[Stored records]

··········

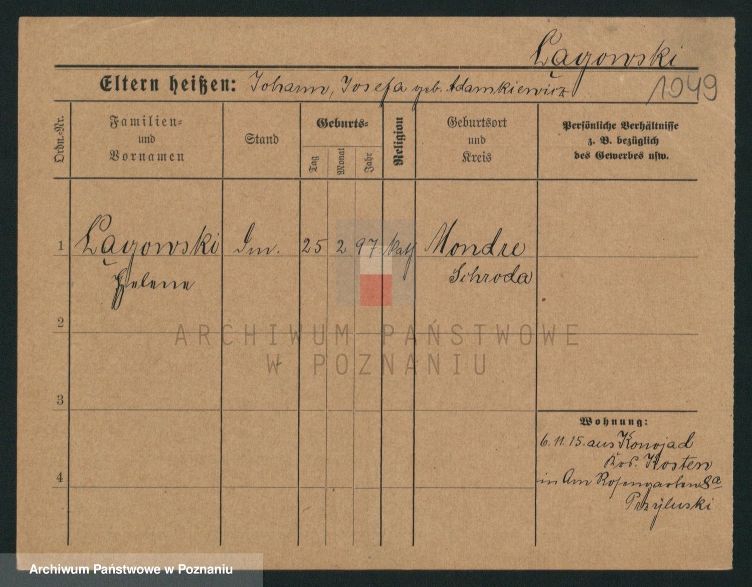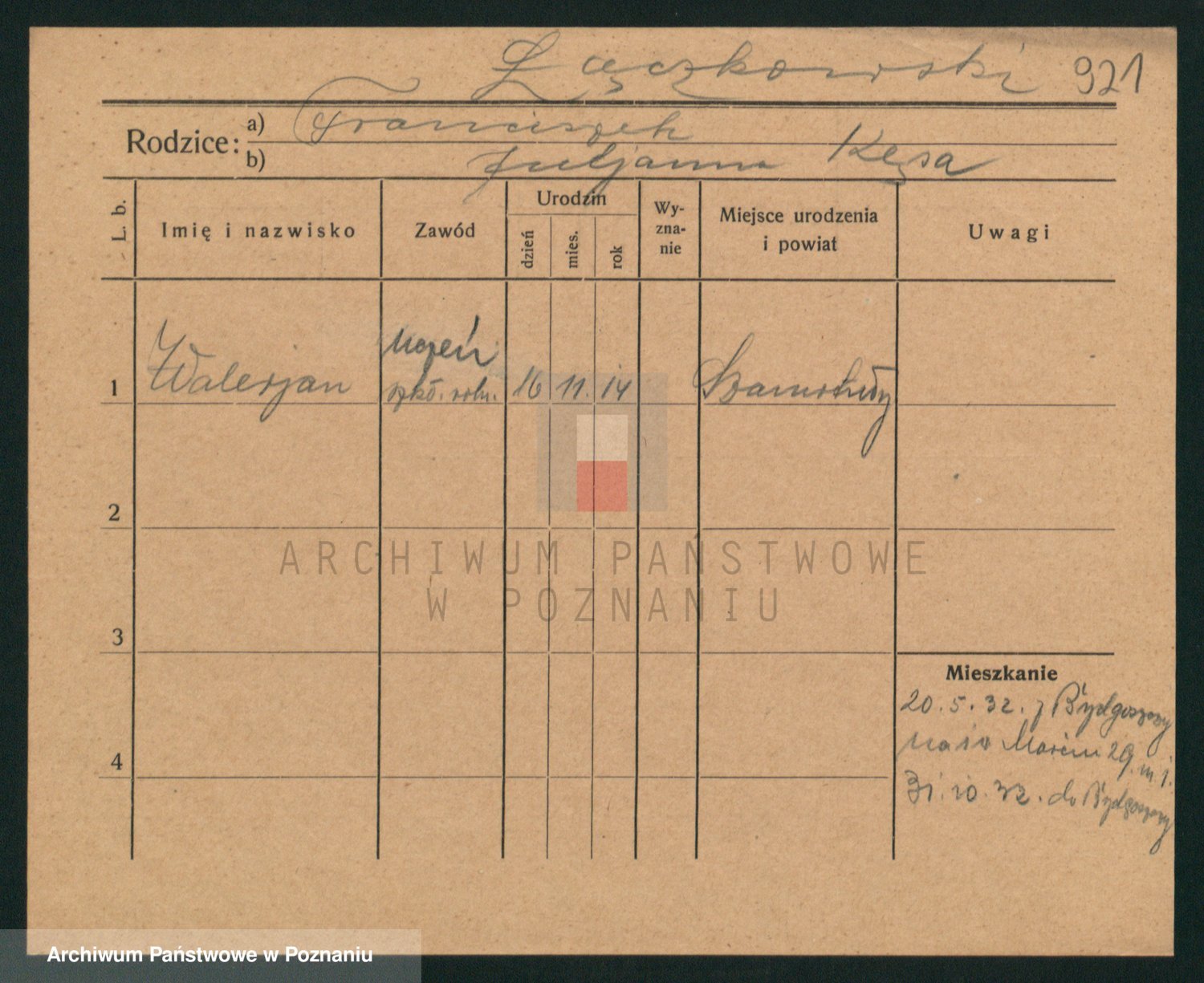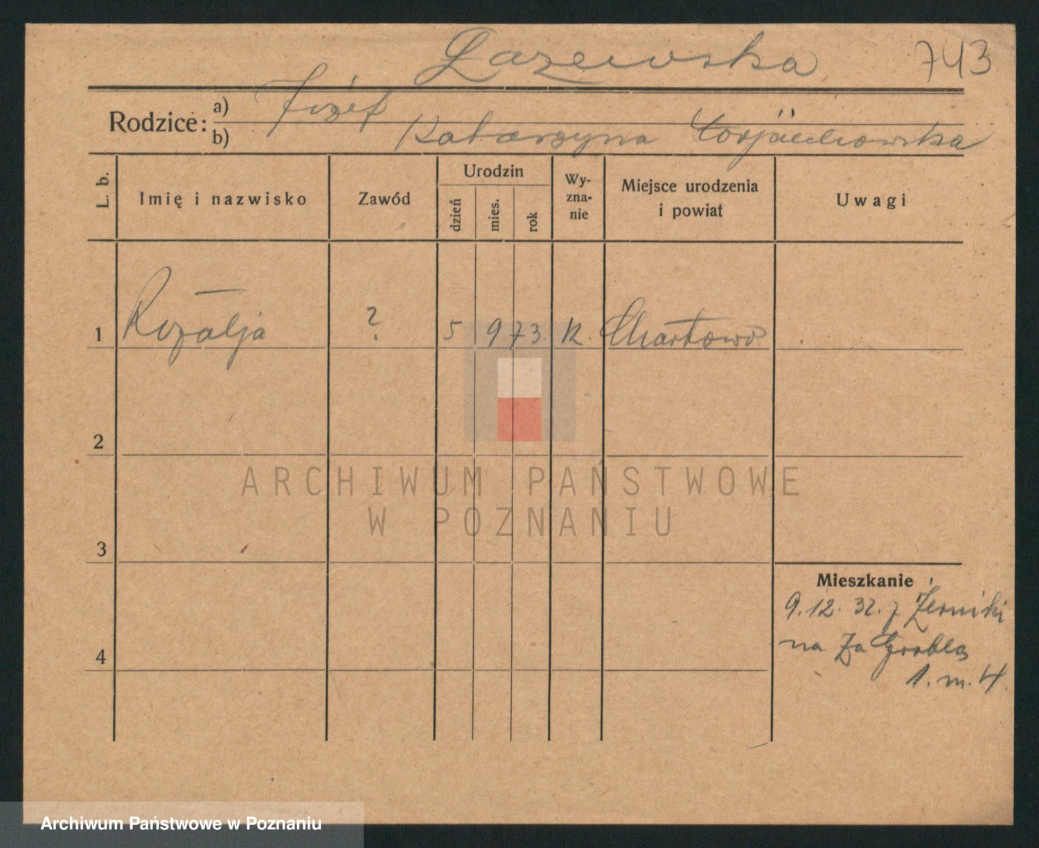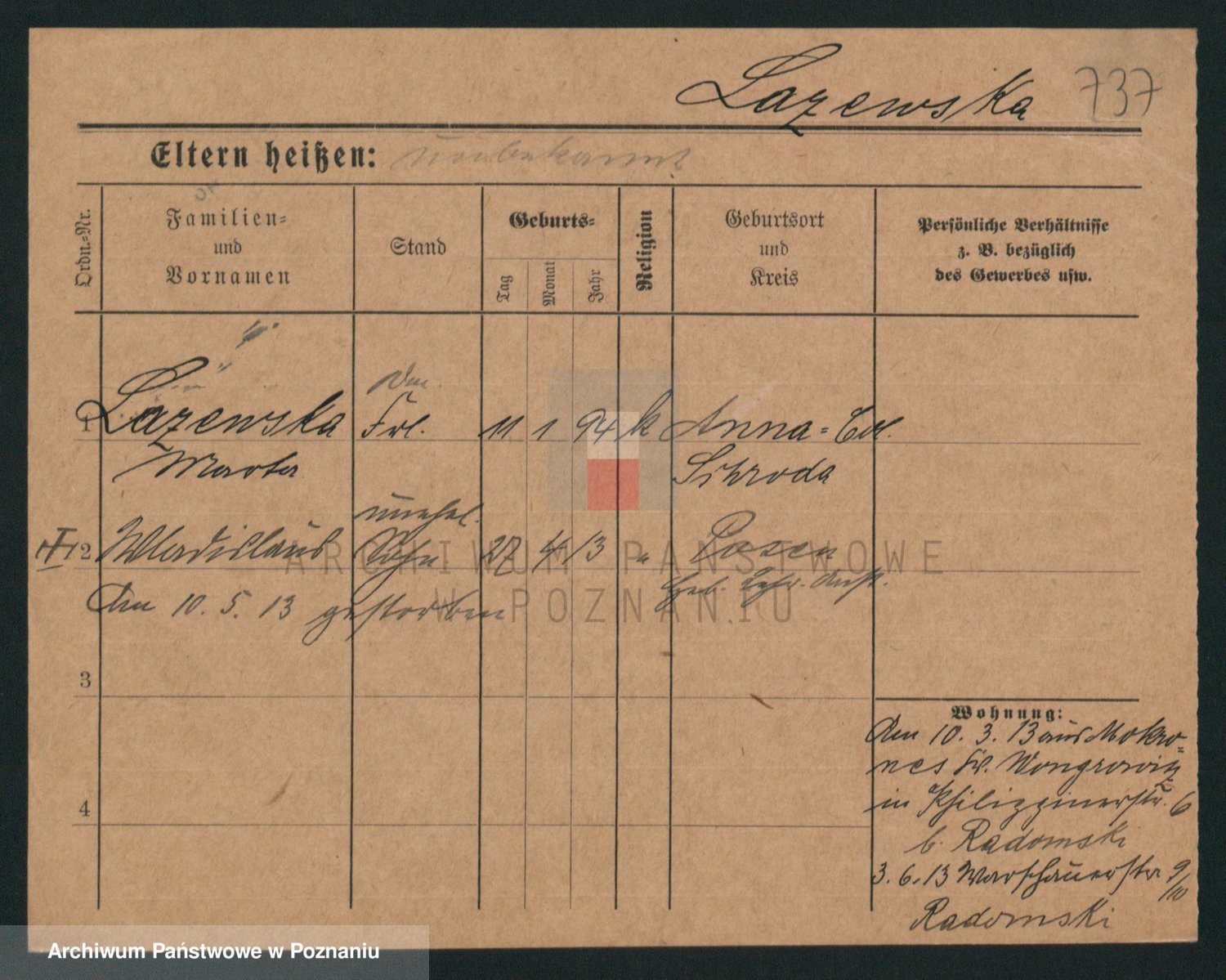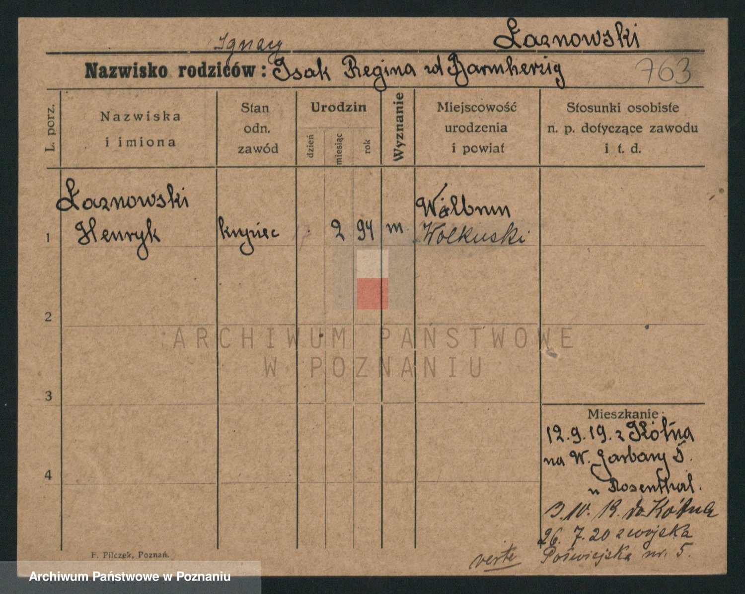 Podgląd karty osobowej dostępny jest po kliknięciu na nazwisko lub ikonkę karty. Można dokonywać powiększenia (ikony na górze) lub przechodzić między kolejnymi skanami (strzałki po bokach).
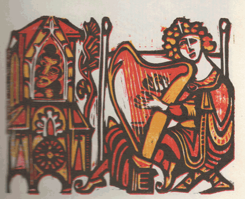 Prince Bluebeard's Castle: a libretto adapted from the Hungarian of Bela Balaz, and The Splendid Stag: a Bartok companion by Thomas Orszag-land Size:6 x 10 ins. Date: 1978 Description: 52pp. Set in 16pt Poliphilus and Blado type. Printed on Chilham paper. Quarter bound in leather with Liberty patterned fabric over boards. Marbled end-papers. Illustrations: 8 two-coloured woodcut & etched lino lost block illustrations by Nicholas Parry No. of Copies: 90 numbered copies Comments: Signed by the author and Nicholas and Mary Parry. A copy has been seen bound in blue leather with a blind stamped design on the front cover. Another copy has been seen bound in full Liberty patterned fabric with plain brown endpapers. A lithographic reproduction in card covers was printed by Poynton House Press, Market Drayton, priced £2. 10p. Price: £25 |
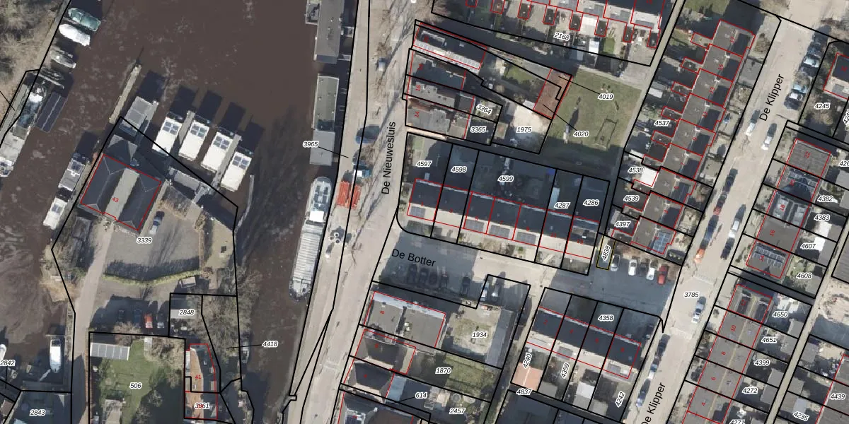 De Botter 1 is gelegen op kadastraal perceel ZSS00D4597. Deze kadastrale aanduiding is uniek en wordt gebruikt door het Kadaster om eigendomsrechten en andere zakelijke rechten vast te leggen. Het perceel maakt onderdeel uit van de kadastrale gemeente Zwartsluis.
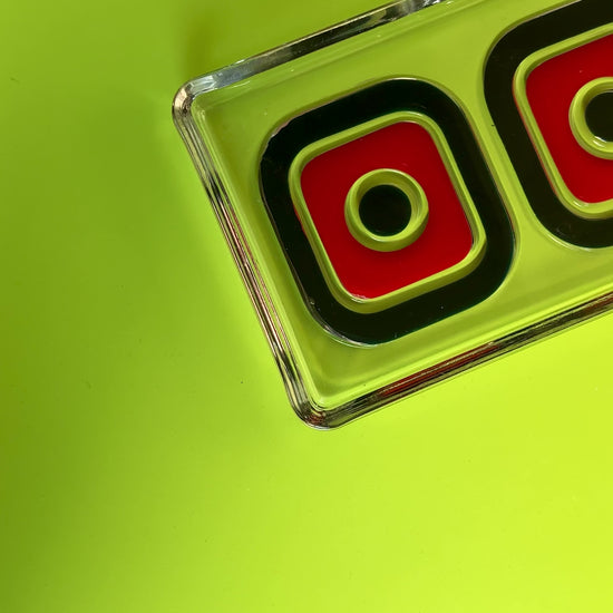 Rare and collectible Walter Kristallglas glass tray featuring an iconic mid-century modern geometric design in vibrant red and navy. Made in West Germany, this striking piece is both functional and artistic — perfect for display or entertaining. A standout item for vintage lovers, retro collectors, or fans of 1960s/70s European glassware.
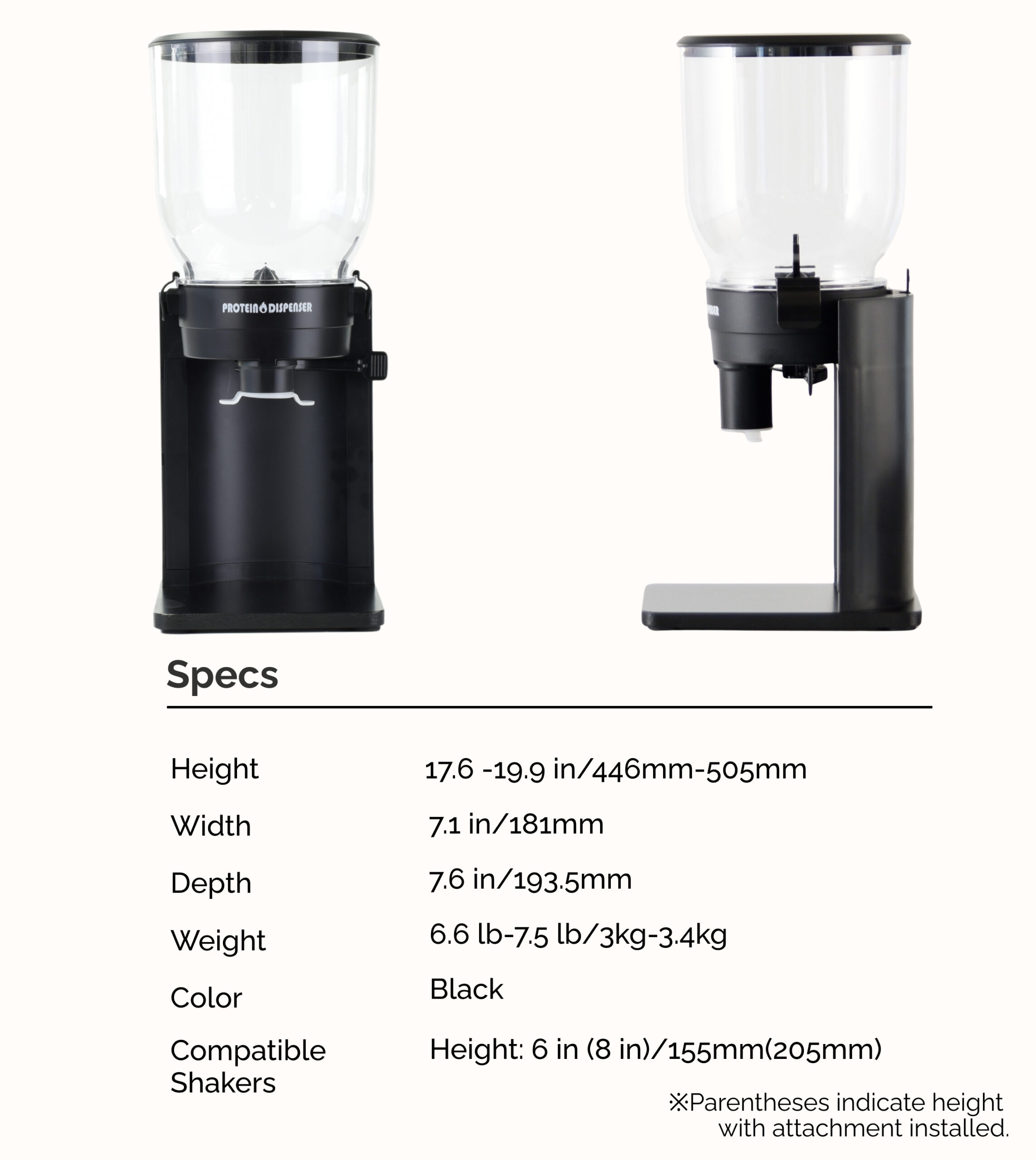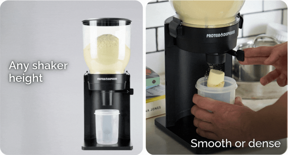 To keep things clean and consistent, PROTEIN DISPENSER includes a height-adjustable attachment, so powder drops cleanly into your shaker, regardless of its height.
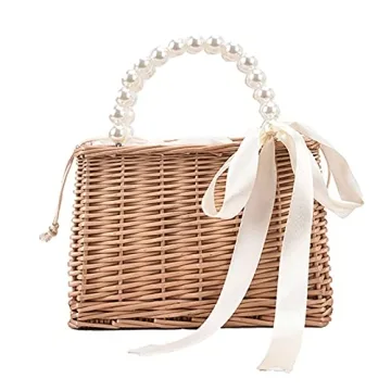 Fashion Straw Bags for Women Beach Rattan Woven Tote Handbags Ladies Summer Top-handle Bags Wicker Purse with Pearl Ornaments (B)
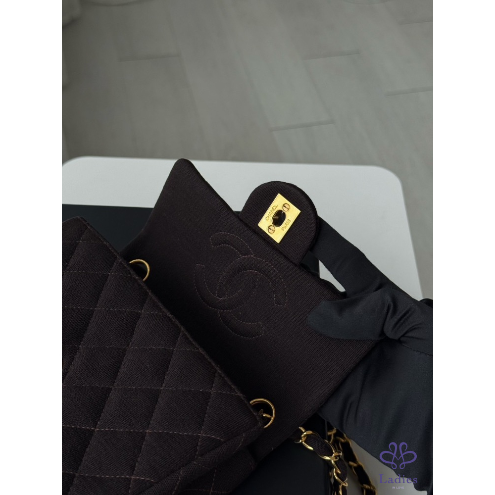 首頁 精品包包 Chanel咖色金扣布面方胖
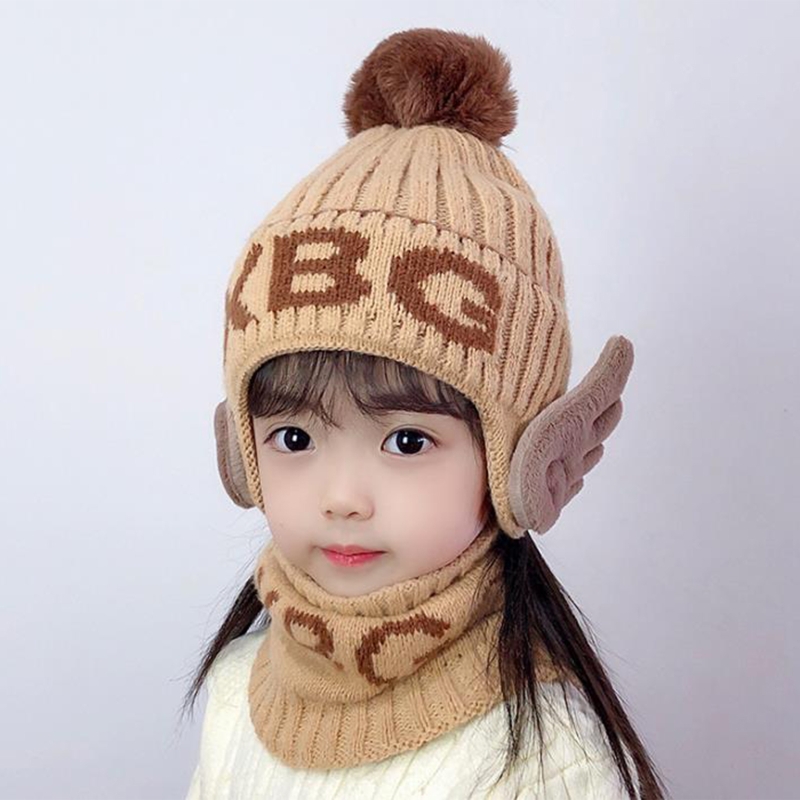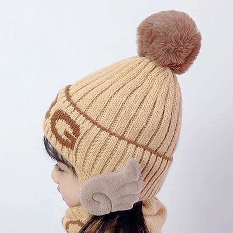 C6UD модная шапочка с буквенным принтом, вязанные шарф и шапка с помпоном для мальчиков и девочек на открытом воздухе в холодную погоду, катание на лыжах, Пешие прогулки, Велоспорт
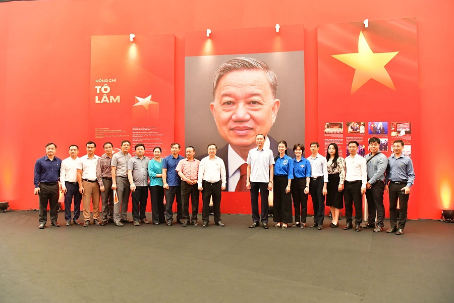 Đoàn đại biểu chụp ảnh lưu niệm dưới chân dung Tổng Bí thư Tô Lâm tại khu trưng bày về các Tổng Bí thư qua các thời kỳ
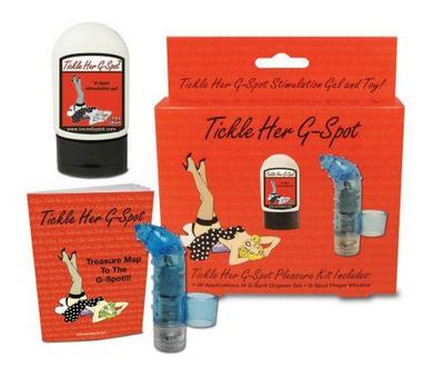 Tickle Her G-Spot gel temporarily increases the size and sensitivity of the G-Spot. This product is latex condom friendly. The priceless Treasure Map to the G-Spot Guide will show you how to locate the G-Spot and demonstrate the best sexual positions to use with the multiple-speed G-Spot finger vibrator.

··········

**Exercise requirements**
What is needed is every entry written out word for word, with no pictures.

**Your response**
 Podgląd karty osobowej dostępny jest po kliknięciu na nazwisko lub ikonkę karty. Można dokonywać powiększenia (ikony na górze) lub przechodzić między kolejnymi skanami (strzałki po bokach).
 Prince Bluebeard's Castle: a libretto adapted from the Hungarian of Bela Balaz, and The Splendid Stag: a Bartok companion by Thomas Orszag-land Size:6 x 10 ins. Date: 1978 Description: 52pp. Set in 16pt Poliphilus and Blado type. Printed on Chilham paper. Quarter bound in leather with Liberty patterned fabric over boards. Marbled end-papers. Illustrations: 8 two-coloured woodcut & etched lino lost block illustrations by Nicholas Parry No. of Copies: 90 numbered copies Comments: Signed by the author and Nicholas and Mary Parry. A copy has been seen bound in blue leather with a blind stamped design on the front cover. Another copy has been seen bound in full Liberty patterned fabric with plain brown endpapers. A lithographic reproduction in card covers was printed by Poynton House Press, Market Drayton, priced £2. 10p. Price: £25 |
 De Botter 1 is gelegen op kadastraal perceel ZSS00D4597. Deze kadastrale aanduiding is uniek en wordt gebruikt door het Kadaster om eigendomsrechten en andere zakelijke rechten vast te leggen. Het perceel maakt onderdeel uit van de kadastrale gemeente Zwartsluis.
 Rare and collectible Walter Kristallglas glass tray featuring an iconic mid-century modern geometric design in vibrant red and navy. Made in West Germany, this striking piece is both functional and artistic — perfect for display or entertaining. A standout item for vintage lovers, retro collectors, or fans of 1960s/70s European glassware.
 To keep things clean and consistent, PROTEIN DISPENSER includes a height-adjustable attachment, so powder drops cleanly into your shaker, regardless of its height.
 Fashion Straw Bags for Women Beach Rattan Woven Tote Handbags Ladies Summer Top-handle Bags Wicker Purse with Pearl Ornaments (B)
 首頁 精品包包 Chanel咖色金扣布面方胖
 C6UD модная шапочка с буквенным принтом, вязанные шарф и шапка с помпоном для мальчиков и девочек на открытом воздухе в холодную погоду, катание на лыжах, Пешие прогулки, Велоспорт
 Đoàn đại biểu chụp ảnh lưu niệm dưới chân dung Tổng Bí thư Tô Lâm tại khu trưng bày về các Tổng Bí thư qua các thời kỳ
 Tickle Her G-Spot gel temporarily increases the size and sensitivity of the G-Spot. This product is latex condom friendly. The priceless Treasure Map to the G-Spot Guide will show you how to locate the G-Spot and demonstrate the best sexual positions to use with the multiple-speed G-Spot finger vibrator.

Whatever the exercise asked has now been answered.